Nyoman Sukamara. (BP/Istimewa)

Oleh: Nyoman Sukamara

Dalam UU Nomor 5 Tahun 2014 tentang Aparatur Sipil Negara (ASN) ditegaskan ASN terdiri dari Pegawai Negeri Sipil (PNS) dan Pegawai Pemerintah dengan Perjanjian Kerja (PPPK). Saat ini sedang berlangsung proses rekrutmen PNS yang telah melewati tahap Seleksi Kompetensi Dasar (SKD) dan tahap selanjutnya setelah dihadang Covid-19 akan segera dilanjutkan dan diharapkan selesai akhir tahun ini.

Di sisi lain, masih terdengar protes-protes dari pegawai kontrak yang tersebar di banyak instansi pemerintah di seluruh Indonesia yang menuntut diangkat menjadi PNS atau PPPK.

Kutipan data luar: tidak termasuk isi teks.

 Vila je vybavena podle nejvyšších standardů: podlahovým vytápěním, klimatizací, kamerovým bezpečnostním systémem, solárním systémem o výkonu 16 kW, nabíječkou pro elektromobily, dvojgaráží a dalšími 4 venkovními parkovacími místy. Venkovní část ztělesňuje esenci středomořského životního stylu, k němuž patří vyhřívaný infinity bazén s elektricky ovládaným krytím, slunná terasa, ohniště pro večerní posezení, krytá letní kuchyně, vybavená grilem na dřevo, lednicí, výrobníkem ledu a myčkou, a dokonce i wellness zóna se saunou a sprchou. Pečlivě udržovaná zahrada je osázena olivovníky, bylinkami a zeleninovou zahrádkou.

Sayang di tengah banyak orang berharap menjadi PNS, atau setidaknya PPPK, tiba-tiba saja merebak wacana pemerintah melalui Kementerian Pendayagunaan Aparatur Negara dan Reformasi Birokrasi (MenPAN-RB) memensiunkan 1,6 juta PNS, kurang lebih 20 persen dari jumlah PNS. Bukan karena negara tidak mampu membayar gaji tetapi karena alasan tidak produktif (diberitakan tnggal 7 Juli 2020 oleh beberapa media elektronik).

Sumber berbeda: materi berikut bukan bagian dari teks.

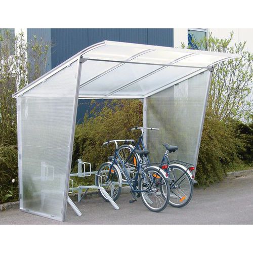 - Riparo per biciclette con pareti in policarbonato semiopache.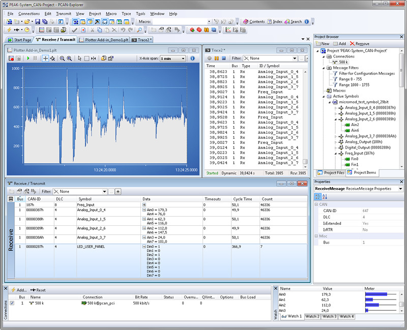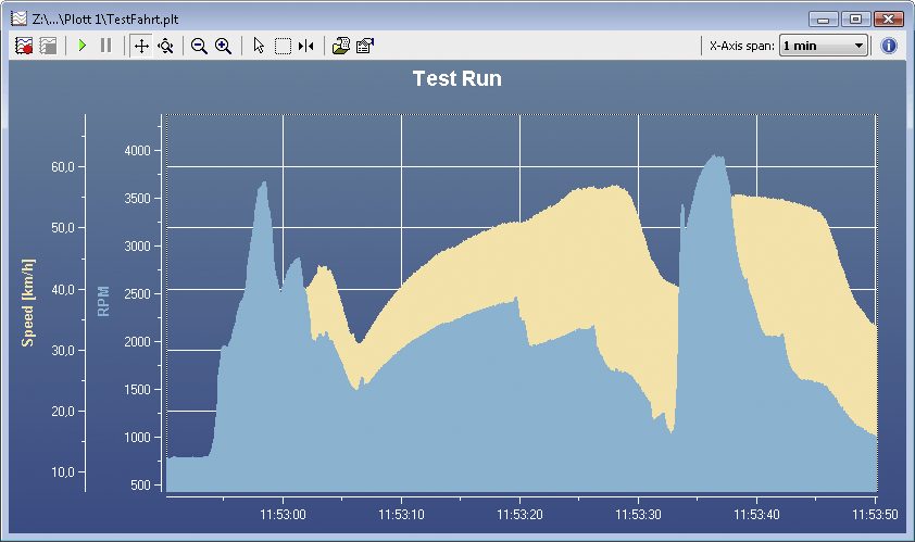 绘图仪插件可记录和图形化表现任何数量的信号序列。信号源可以是接收和发送的CAN报文,也可以是虚拟变量和宏计算的结果。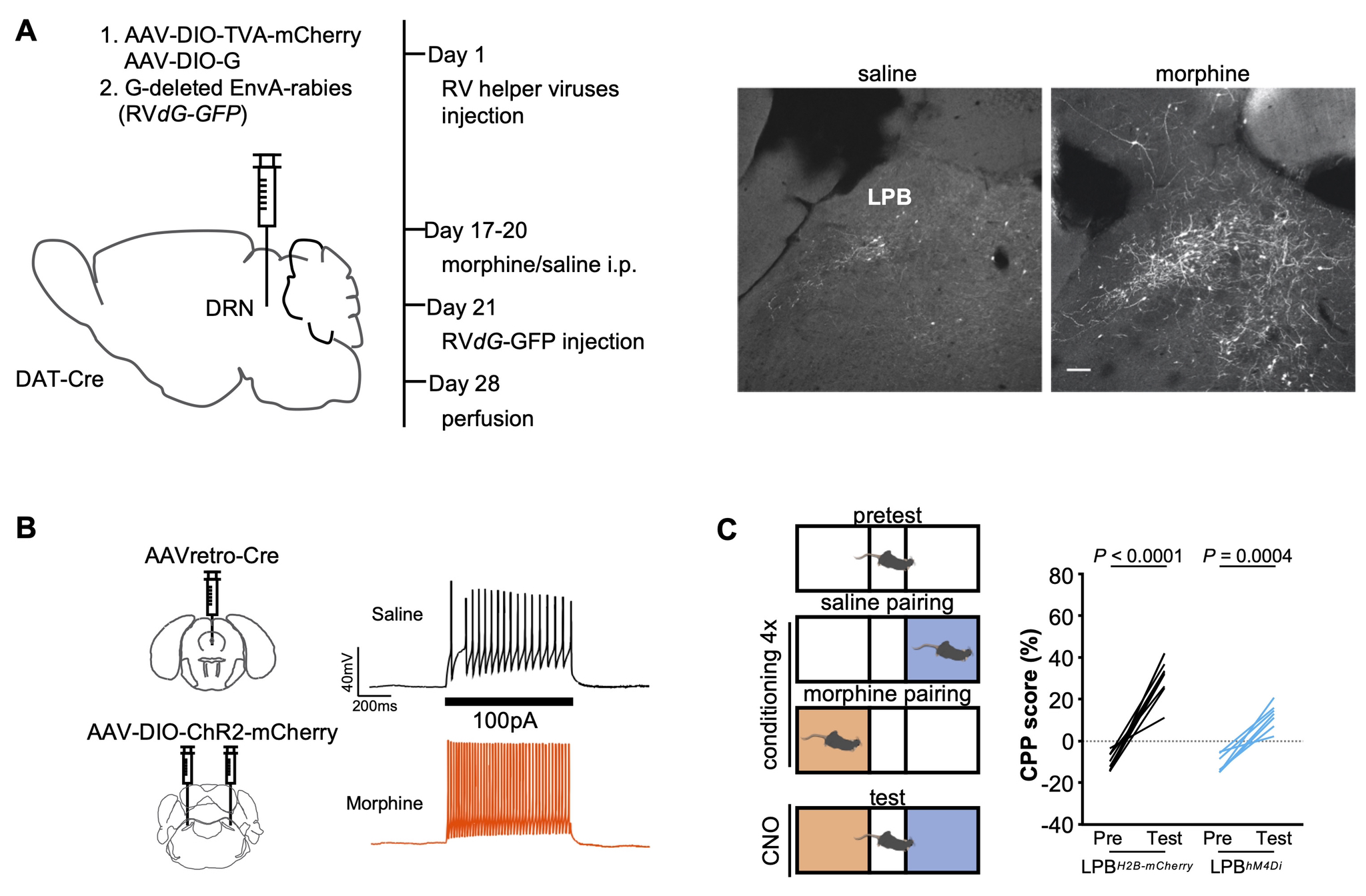 Using morphine as the probe to search for functionally relevant inputs to DRN DA neurons, the authors further identified a glutamatergic pathway from the lateral parabrachial nucleus (LPB) to the DRN that specifically regulates reward processing. Morphine administration causes an increase of glutamatergic inputs from the LPB to DRN DA neurons, and this increase is mediated by the morphine-induced enhancement of DRN-projecting LPB neurons’ excitability. Silencing or blocking the neurotransmission of DRN-projecting LPB neurons impairs the expression of reward memory and the reward processing of DRN DA neurons.

Terhitung 31 Desember 2019 keseluruhan PNS Indonesia berjumlah 4.189.121 orang di mana pada tahun 2015 hingga Desember 2018 jumlah PNS mengalami penurunan dikarenakan banyaknya jumlah PNS yang pensiun dan moratorium PNS selama dua tahun, yang kemudian berlanjut dengan kenaikan jumlah PNS pada Desember 2019 sebesar 0,09% (e-book Statistik Menpan RB).

Di samping PNS, masih ada ratusan ribu lagi pegawai non-PNS dengan berbagai kategori yang sedang berharap menjadi PNS atau setidaknya menjadi PPPK.

Pertanyaan pokoknya apakah jumlah tersebut sudah efektif untuk melayani 272 juta lebih penduduk Indonesia yang tersebar di 34 provinsi dan 514 kabupaten/kota? Atau masih kurang sehingga saat ini pun masih sedang berlangsung proses rekrutmen PNS?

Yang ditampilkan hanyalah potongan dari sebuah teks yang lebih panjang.